SEPTEMBER 18 – OCTOBER 31, 2015
The Chilcotin War: A Colonial Legacy Interpretive Essay
by Amberley John
It is customary to acknowledge the Nations when you are in their territory.
We are currently on unceded syilx land.
Ann Nicholson’s exhibition The Chilcotin War: A Colonial Legacy reinforced the importance of place. We viewers were brought to Chilcotin Country, a plateau and mountain region around Williams Lake, BC. Traditionally inhabited by the Tsilhqot’in Peoples, white colonists and road construction workers laid claim to the land. This aggression led to the Chilcotin War of 1864.
When non-Indigenous artists engage in Indigenous issues in their work, there is always the concern of cultural appropriation. It is the responsibility of the artist to consult with that nation, and be transparent and truthful in their work. Nicholson seems to have approached this subject matter with tact and respect.
Imagery in these paintings asks us to remember the events leading up to the Chilcotin War, and how they contribute to our current unresolved issues. Eyes stare back at you as you witness their truth. Arrows point in one direction in some paintings; in others they create chaos.
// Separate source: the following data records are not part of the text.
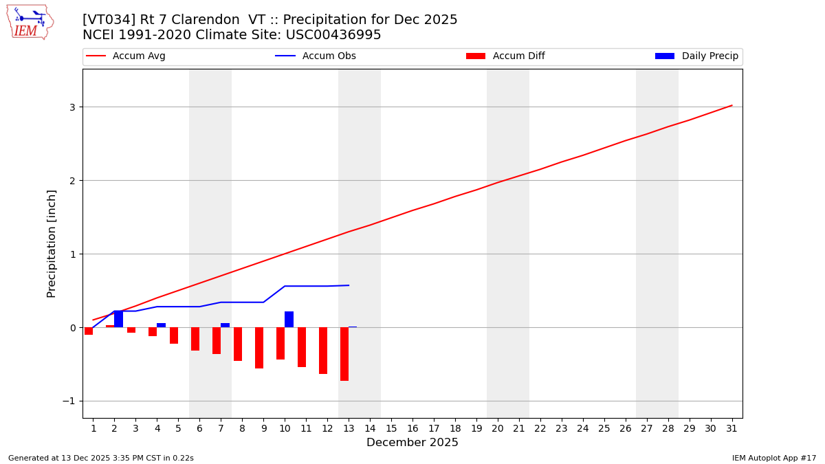 Description: This chart is of daily precipitation for the month. The red line would be an average month while the blue line and bars are observations.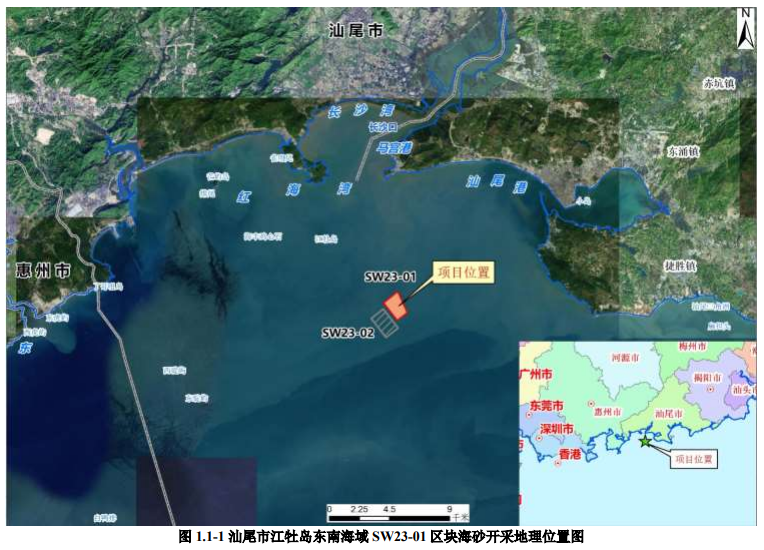 擬開采海砂 SW23-01 礦區(qū)位于廣東省汕尾市江牡島東南側(cè)海域東南約 5.9km 處, 行政區(qū)域隸屬?gòu)V東省汕尾市管轄,根據(jù)《廣東省汕尾市江牡島東南海域SW23-01礦區(qū)回填用海砂資源儲(chǔ)量核實(shí)報(bào)告》(汕尾市自然資源局,2025 年7月),礦區(qū)海砂原礦資源量共1301.89萬(wàn)方其中原礦控制資源量819.27萬(wàn)方,原礦推斷資源量482.62萬(wàn)方。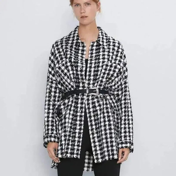 Γυναικείο σακάκι με ζώνη Houndstooth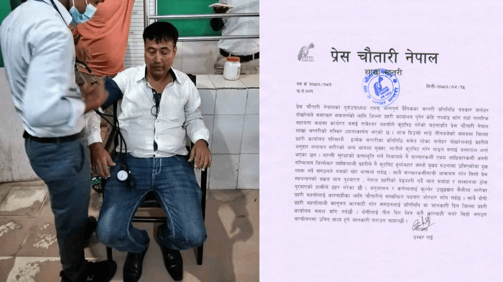 कञ्चनरुप, १५ साउन । प्रेस चौतारी नेपालका पूर्व केन्द्रीय उपाध्यक्ष एवम् नेपाल पत्रकार महासंघ सप्तरी शाखाका सल्लाहकार मनोहरकुमार पोखरेल माथी साउन १५ गते सोमबार जिल्ला प्रहरी कार्यालयमा भएको कुटपिट तथा दुर्व्यवहारको घटनाप्रति प्रेस चौतारी नेपाल शाखा सप्तरीको गम्भिर ध्यानाकर्षण भएको जनाएको छ...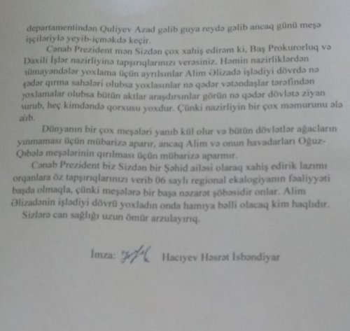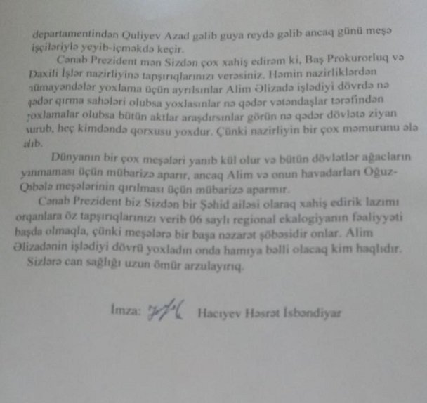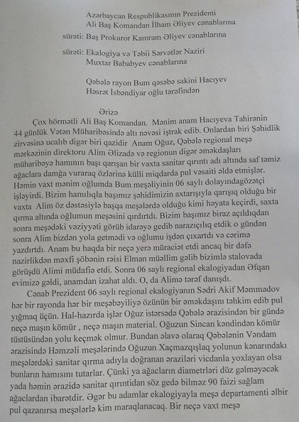 B arada xatırlatmaq bir daha yerinə düşərdi ki, Qəbələ rayonun Həmzəli kənd sakini Həsrət Hacıyev yuxarı instansiyalara göndərdiyi şikayət məktubunda Qəbələ rayonu ərazisində hansı meşələrdə kütləvi ağackəsimlərinin olması xatırlanmışdır. Maraqlıdır ki, hazırda yanğın törədilən ərazilər İFADETV-nin də dəflərlə kütləvi ağac kəsimləri barədə yazdığı ərazilərdir. İndi təbii sual ortalığa çıxır: Niyə son 10 ildə ən çox ağac kəsimi olan ərazilərdə eyni vaxtda ardıcıl olaraq yanğınlar baş verir? Belə təsadüf ola bilərm? Bzcə yox. Ümid edirik ki, yaxın zamanlarda təbii sərvətlərimizə qənim kəsilmiş yadlli ünsürlərin kimliyi və əsas məqsədləri məlum olacaqdır.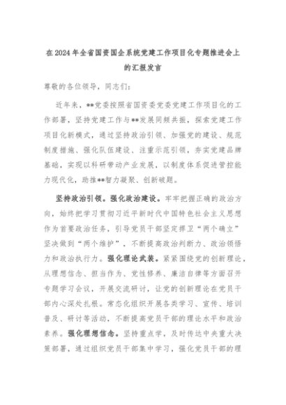 【七哥公文】2024年:在2024年全省国资国企系统党建工作项目化专题推进会上的汇报发言+更多免费公文+VX:QiGeGongWen2024

Many of the paintings feature a lower tier of Tsilhqot’in associations. This tier becomes increasingly suffocated, growing slimmer as the series progresses. In The Curse (the second to last paintingnext to Chief Ahan’s Grave) we see the chief calling out for his relatives to find him as plans currently progress to build a school on his remains in New Westminster. The Tsilhqot’in Peoples unequivocally have the right to the repatriation of Chief Ahan’s remains.
Winding intersecting paths in Roads to the Gold remind us of the difficult truth about hunger and greed. This hunger for gold and hunger for progress still exist. At the time of the Chilcotin War, the elders said that the 7th generation would have to withstand another onslaught from the white occupiers.
In June, 2014, plans to build a gold and copper mine at Fish Lake and convert many of its surrounding lakes into tailing ponds were brought to a triumphant halt. The Tsilhqot’in Nation was victorious in gaining Aboriginal Title to a 1900 km2 section of territory. This landmark victory halted what would have been the second largest mine in Canada.
Was this the onslaught the elders predicted? “Progress” like the Prosperity Gold and Copper Mines still today threatens the traditional ways of living of the Tsilhqot’in and many other Peoples. Looking back at the six generations before us, how do we embody what we have learned, and how can we use this knowledge to benefit the next seven generations?
she:koli swakwé;ku, kaniyew^na niyúkyats tahnon: ohkwali niwaki’taló:t^ tahnon on^yota’aka niwaku’hutsyot^ ni i. ki-low-na taknakehle.